#### Problem to solve:
Each record below gets repeated exactly, and pictures stay out of the copy.

[Start of Attachment]

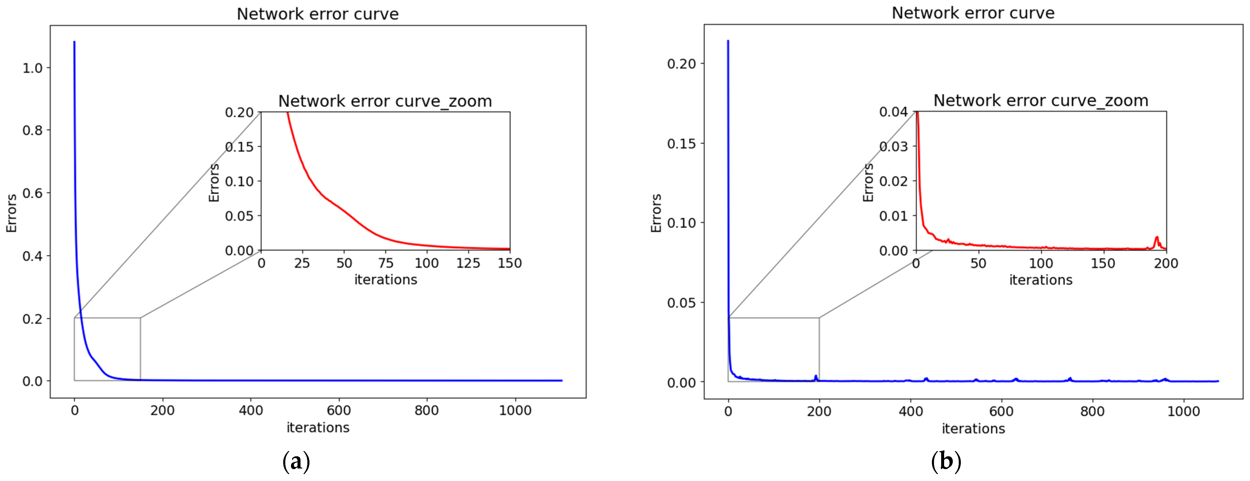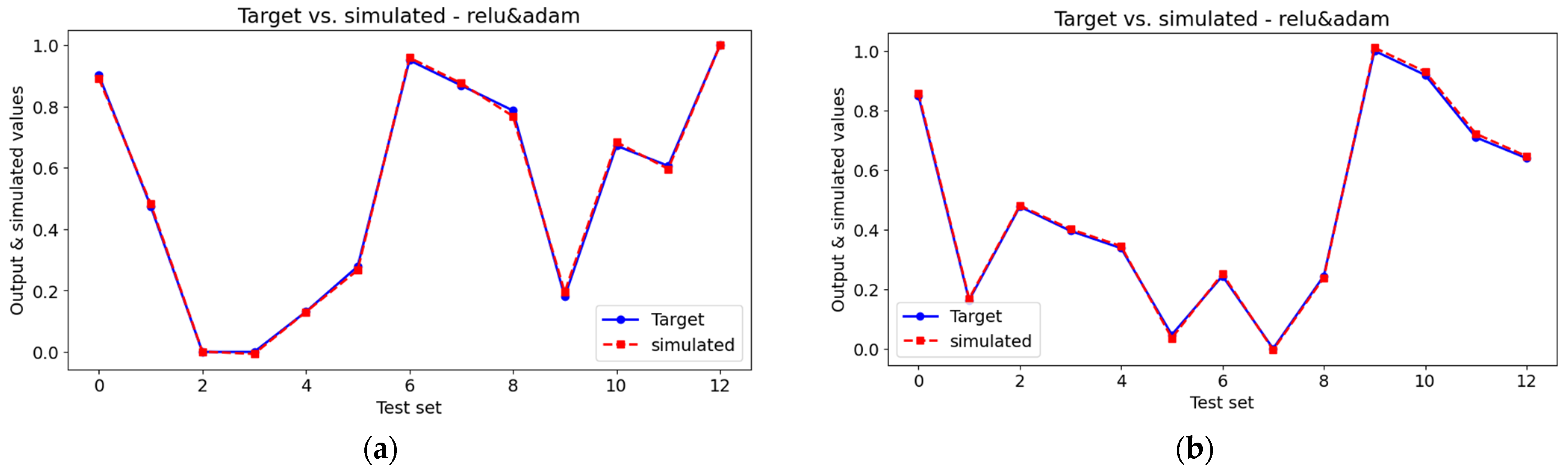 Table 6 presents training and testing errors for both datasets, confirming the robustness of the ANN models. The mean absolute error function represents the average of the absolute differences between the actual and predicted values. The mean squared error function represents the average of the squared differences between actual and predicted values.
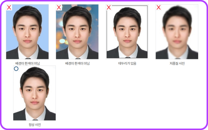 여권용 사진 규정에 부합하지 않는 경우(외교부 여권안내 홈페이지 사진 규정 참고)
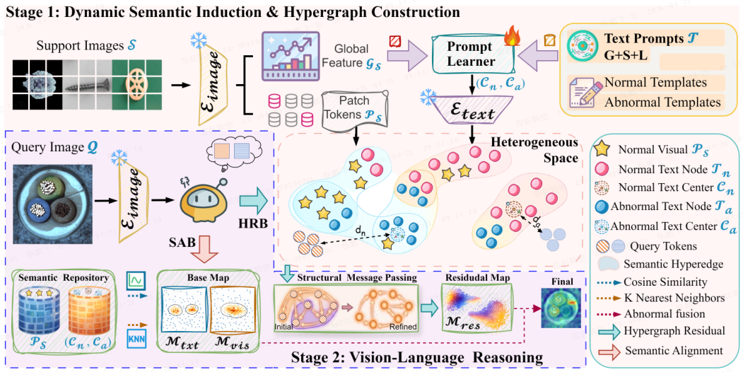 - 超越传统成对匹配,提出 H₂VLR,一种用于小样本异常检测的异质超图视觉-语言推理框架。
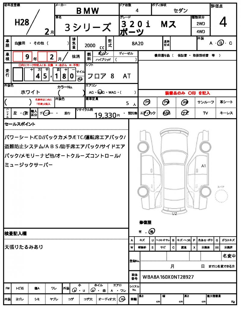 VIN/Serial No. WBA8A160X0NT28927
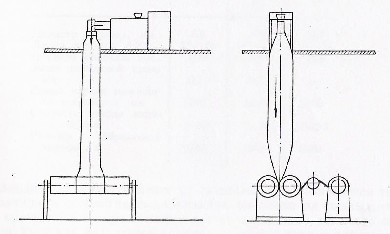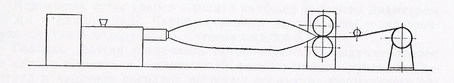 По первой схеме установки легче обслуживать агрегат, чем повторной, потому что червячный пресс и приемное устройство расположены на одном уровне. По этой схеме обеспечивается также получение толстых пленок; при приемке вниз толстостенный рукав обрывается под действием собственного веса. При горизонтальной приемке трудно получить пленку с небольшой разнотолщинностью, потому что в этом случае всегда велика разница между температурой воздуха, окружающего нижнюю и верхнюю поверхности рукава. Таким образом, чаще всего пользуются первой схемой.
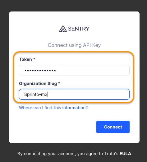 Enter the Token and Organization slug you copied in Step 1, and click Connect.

[End of Attachment]

#### Task answer:
 Table 6 presents training and testing errors for both datasets, confirming the robustness of the ANN models. The mean absolute error function represents the average of the absolute differences between the actual and predicted values. The mean squared error function represents the average of the squared differences between actual and predicted values.
 여권용 사진 규정에 부합하지 않는 경우(외교부 여권안내 홈페이지 사진 규정 참고)
 - 超越传统成对匹配,提出 H₂VLR,一种用于小样本异常检测的异质超图视觉-语言推理框架。
 VIN/Serial No. WBA8A160X0NT28927
 По первой схеме установки легче обслуживать агрегат, чем повторной, потому что червячный пресс и приемное устройство расположены на одном уровне. По этой схеме обеспечивается также получение толстых пленок; при приемке вниз толстостенный рукав обрывается под действием собственного веса. При горизонтальной приемке трудно получить пленку с небольшой разнотолщинностью, потому что в этом случае всегда велика разница между температурой воздуха, окружающего нижнюю и верхнюю поверхности рукава. Таким образом, чаще всего пользуются первой схемой.
 Enter the Token and Organization slug you copied in Step 1, and click Connect.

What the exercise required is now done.